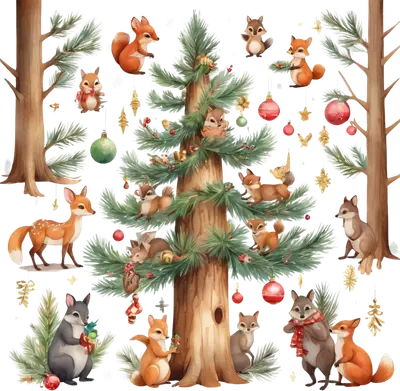 Cute Woodland Animals Christmas Tree DTF Transfer
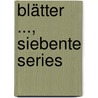 Recensies van Blätter ..., Siebente Series door
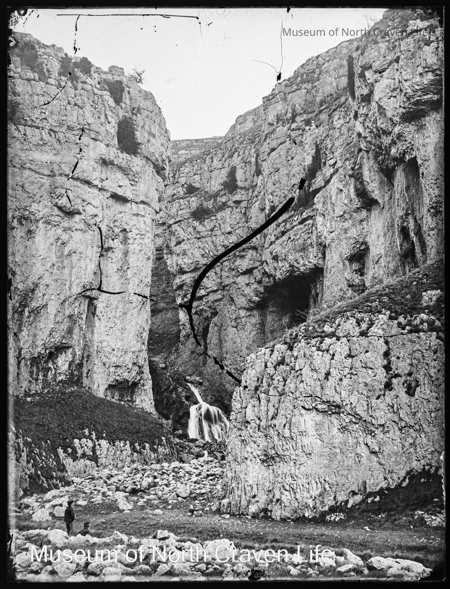 A full-plate wet collodion negative. View of Gordale Scar from below. Two figures stand in the left foregroundCollection
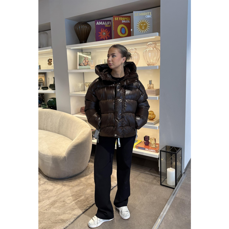 Debbie fra C.A.Y.A er en kort og oversized dunjakke. Jakken har en stor avtakbar hette og kule detaljer som splitt
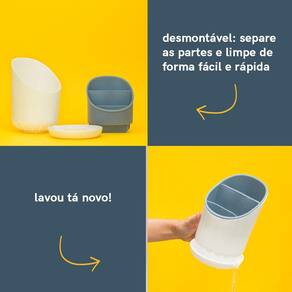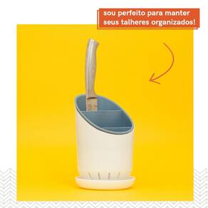 Esse é o escorredor de talheres da OIKOS. Super prático, esse escorredor é pensado para se adaptar ao seu dia-a-dia. Vem com pires de drenagem com bico para escoamento, para evitar que a água fique armazenada dentro do recipiente. Ele tem um compartimento especial para lâminas, que permite que as facas sequem em segurança. Possui design pensado para diferentes tamanhos de talheres. Ah, e ele ainda é desmontável - bem fácil de lavar.
-----
Pictures are to be left out; otherwise, retype exactly the lines from the first line of the data through the line containing "Debbie fra C.A.Y.A".

 Cute Woodland Animals Christmas Tree DTF Transfer
 Recensies van Blätter ..., Siebente Series door
 A full-plate wet collodion negative. View of Gordale Scar from below. Two figures stand in the left foregroundCollection
 Debbie fra C.A.Y.A er en kort og oversized dunjakke. Jakken har en stor avtakbar hette og kule detaljer som splitt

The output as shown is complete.